What determines the level of IM3 generated by the receiver is its third-order intercept power (IP3). This term defines the signal power at which the signal and locally generated IM3 are equal. I don't expect consumer receiver manufacturers to say what their product's IP3 is, but let's see why it is an important receiver performance parameter.

(click thumbnail)
Table II takes us beyond Table I by assuming there is some receiver overloading. It assumes that the receiver-generated IM3 is equal to the total noise from Table 1. This results in a 3 dB noise penalty and a 3 dB increase in the minimum usable desired signal received power to offset the noise-floor increase. Table II provides the IP3 required of the receiver to let it operate at the stated minimum D level of Table II.
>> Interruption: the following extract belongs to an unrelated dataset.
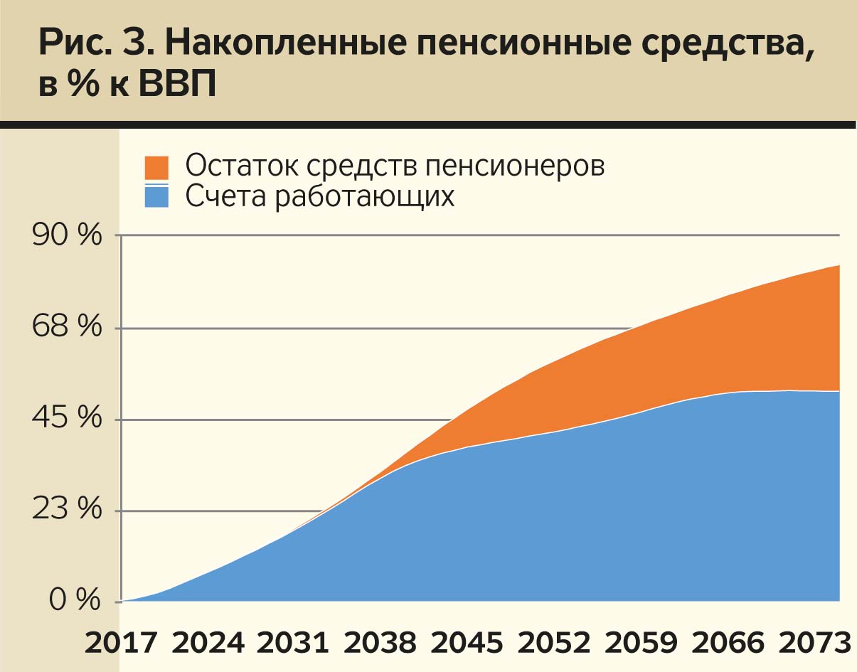 При условии обеспечения прогнозируемого уровня реальной "чистой" инвестиционной доходности пенсионных активов (+2% свыше покрытия инфляции и расходов на администрирование) во второй половине 2040-х годов суммарный объем накопленных пенсионных средств превысит 50% ВВП, а в конце прогнозируемого периода достигнет 83% ВВП (рис. 3). Это средства, которые действительно можно будет инвестировать в развитие страны. Но существует несколько обстоятельств, на которые стоит обратить внимание.
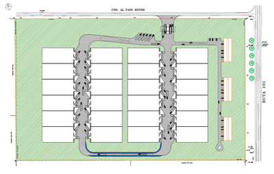 Proyecto ejecutivo de acceso sobre Ruta 5. Incluyó verificación de planimetría, altimetría, drenaje pluvial y definición de pavimentos.

In this table, we see that the minimum receiver IP3 required varies from -11.75 dBm to +18.75 dBm. For example, a receiver with an IP3 of +3 dBm will work with one undesired adjacent channel DTV signal up to -25 dBm, but not above that level.

We also see that a receiver whose IP3 is above +20 dBm will work at U levels above -5 dBm. For those who are intrigued with this performance parameter, see Dallas Maxim Semiconductor application note "Improving Receiver Intercept Point Using Selectivity" App. Note No. 749, May 17, 2001, available from the company's Web site


A word or two of caution--the IP3 rating of a TV receiver is dynamic. That is, the IP3 may vary with the input signal levels. Conventional receivers have the RF gain automatically controlled by the signal level at the second detector (where only the D signal is present).

Thus, the undesired signal level at the mixer (where the IM3 is actually generated) is determined only by the desired signal level. If the D signal is weak, the RF amplifier will operate at its maximum gain; therefore, the undesired signal(s) may exceed the linear signal handling range of the mixer so that mixer overloading and additional IM3 result.

A wideband RF AGC circuit is much more appropriate to DTV receivers. In this case, strong undesired signals would force a reduction in RF gain thus automatically protecting the mixer from overload.

We need to know the IP3 for a range of D levels and not just let manufacturers pick a sweetspot. What needs to be defined is the safe operating range of a receiver. To determine this, we must test for IP3 over a range of D levels. In reality, we would be finding the maximum U level at which the receiver would operate for each D level tested. From such data one could calculate IP3, but much more important, the receiver's safe operating range.

IP3 = 0.5 (3*U - IM3).

Note that a 5 dB increase in receiver IP3 reduces receiver-generated IM3 by 10 dB, an excellent tradeoff for receiver designers once they understand the importance of DTV-DTV interference. This 10 dB decrease in receiver-generated IM3 would reduce that noise source to insignificance compared to the other noise sources, making this 5 dB increase in receiver IP3 with respect to the values in Table II extremely valuable to broadcasters.

Is this the end of the story? No. We must proceed to consider how DTV signals on UHF taboo channels may also generate additional noise within the desired channel.

(click thumbnail)Fig. 2
In the Aug. 18 issue of TV Technology, Fig. 2 of this column showed actual spectra of IM3 in Channels 28 and 37 due to a pair of DTV signals on Channels 31 and 34. If the viewer wanted to watch Channel 37, then these undesired signals are the n-6, n-3 channel pair. If the viewer wanted to watch Channel 28, these undesired signals are on the n+3, n+6 channel pair.

The result is always the same, the IM3 generated by strong undesired pairs of signals contributes to the noise in either desired channel. This figure is being repeated here also as Fig. 2 because this is so important.

The noise in Channels 28 and 37 is much higher than the sideband splatter around Channels 31 and 37. I hope to measure the power in each of these channels late this year, and you will read about it right here. Stay tuned.

The channel pairs discussed above are perhaps the least of our concerns because a well-designed tuner will attenuate n+/-6 by quite a few dB. The channel pairs n+/-2, 4 are more of a problem, especially the n+4, n+2 pair. My biggest concern is the n+/-1, 2 channel pairs where tuner RF selectivity will be minimal.